▸ **What is expected**
Could you retype the lines below, starting at the line holding "Content consisting of: terminals, designation" and stopping at the line holding "Bikini bottoms with", inclusive? Copy them exactly and drop the images.

--- Recorded data ---

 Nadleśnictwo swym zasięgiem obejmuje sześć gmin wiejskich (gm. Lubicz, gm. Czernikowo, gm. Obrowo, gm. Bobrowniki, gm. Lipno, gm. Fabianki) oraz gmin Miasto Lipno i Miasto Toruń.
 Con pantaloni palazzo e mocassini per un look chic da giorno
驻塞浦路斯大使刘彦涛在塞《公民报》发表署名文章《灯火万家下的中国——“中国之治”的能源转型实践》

---
--- Recorded data ---

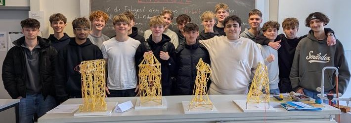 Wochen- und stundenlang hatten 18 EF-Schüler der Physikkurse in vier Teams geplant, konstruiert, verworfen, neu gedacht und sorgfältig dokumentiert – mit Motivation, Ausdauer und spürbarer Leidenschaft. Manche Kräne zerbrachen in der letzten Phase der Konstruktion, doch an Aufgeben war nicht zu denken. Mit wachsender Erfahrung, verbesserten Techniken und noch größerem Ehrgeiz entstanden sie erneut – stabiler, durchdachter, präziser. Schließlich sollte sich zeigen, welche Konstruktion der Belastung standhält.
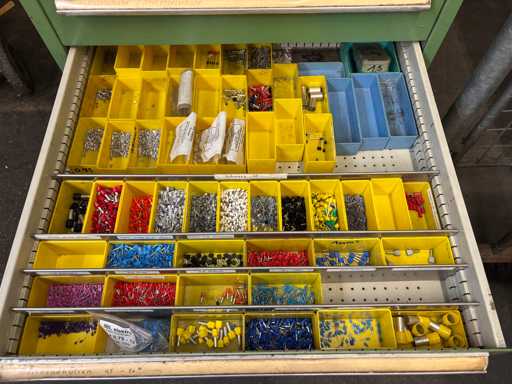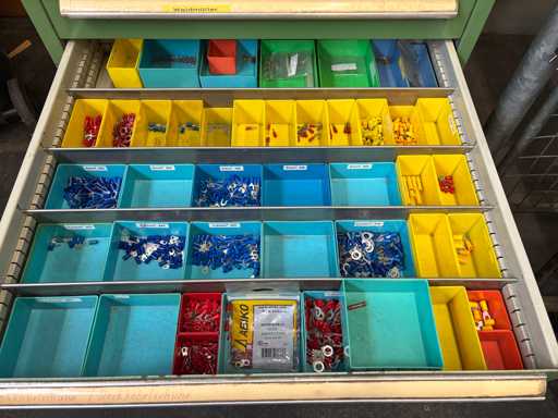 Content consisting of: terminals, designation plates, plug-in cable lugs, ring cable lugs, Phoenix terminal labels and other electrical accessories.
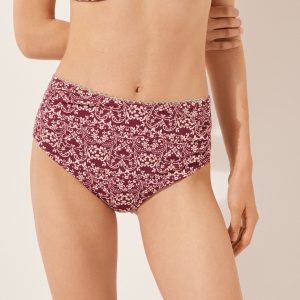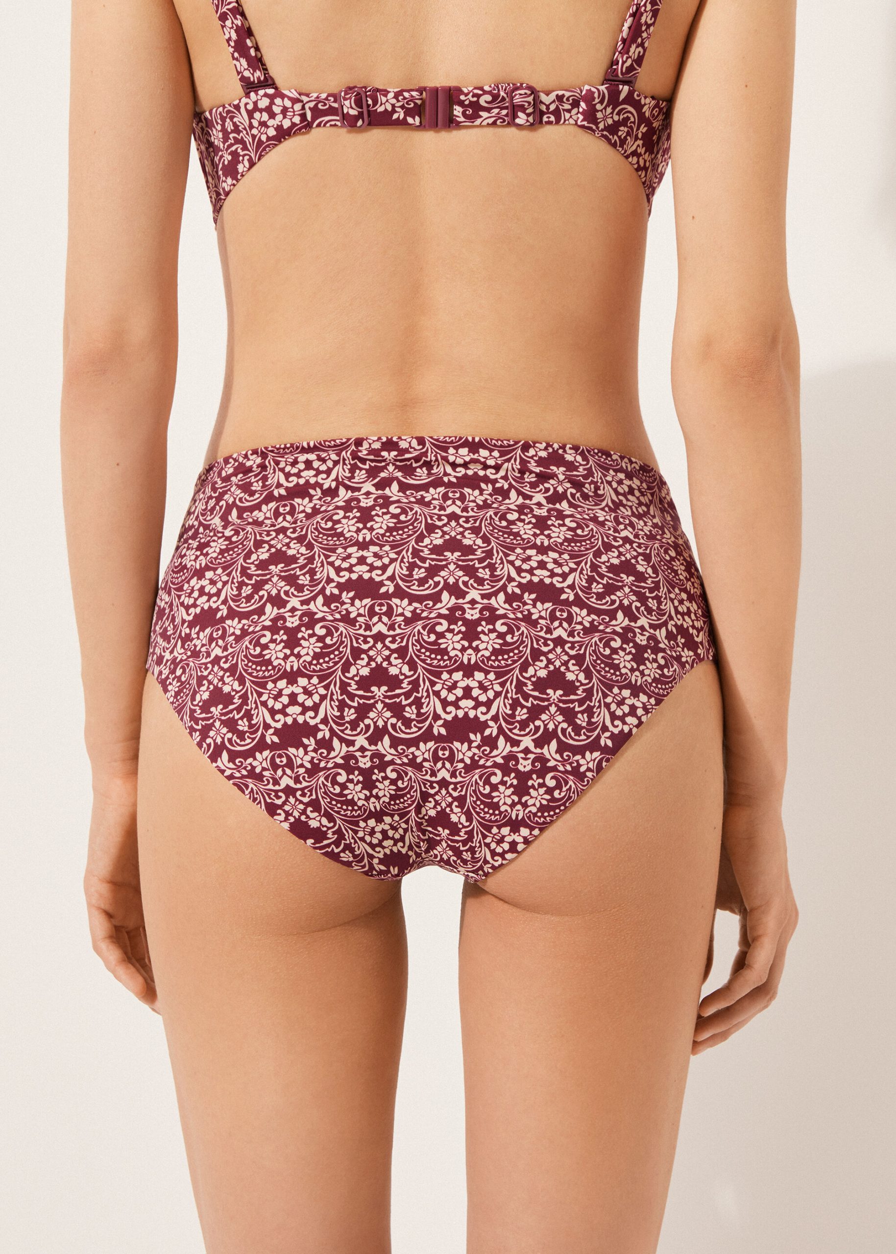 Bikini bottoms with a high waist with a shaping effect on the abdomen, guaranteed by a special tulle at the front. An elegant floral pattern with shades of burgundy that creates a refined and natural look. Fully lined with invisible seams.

---

▸ **Output**
 Content consisting of: terminals, designation plates, plug-in cable lugs, ring cable lugs, Phoenix terminal labels and other electrical accessories.
 Bikini bottoms with a high waist with a shaping effect on the abdomen, guaranteed by a special tulle at the front. An elegant floral pattern with shades of burgundy that creates a refined and natural look. Fully lined with invisible seams.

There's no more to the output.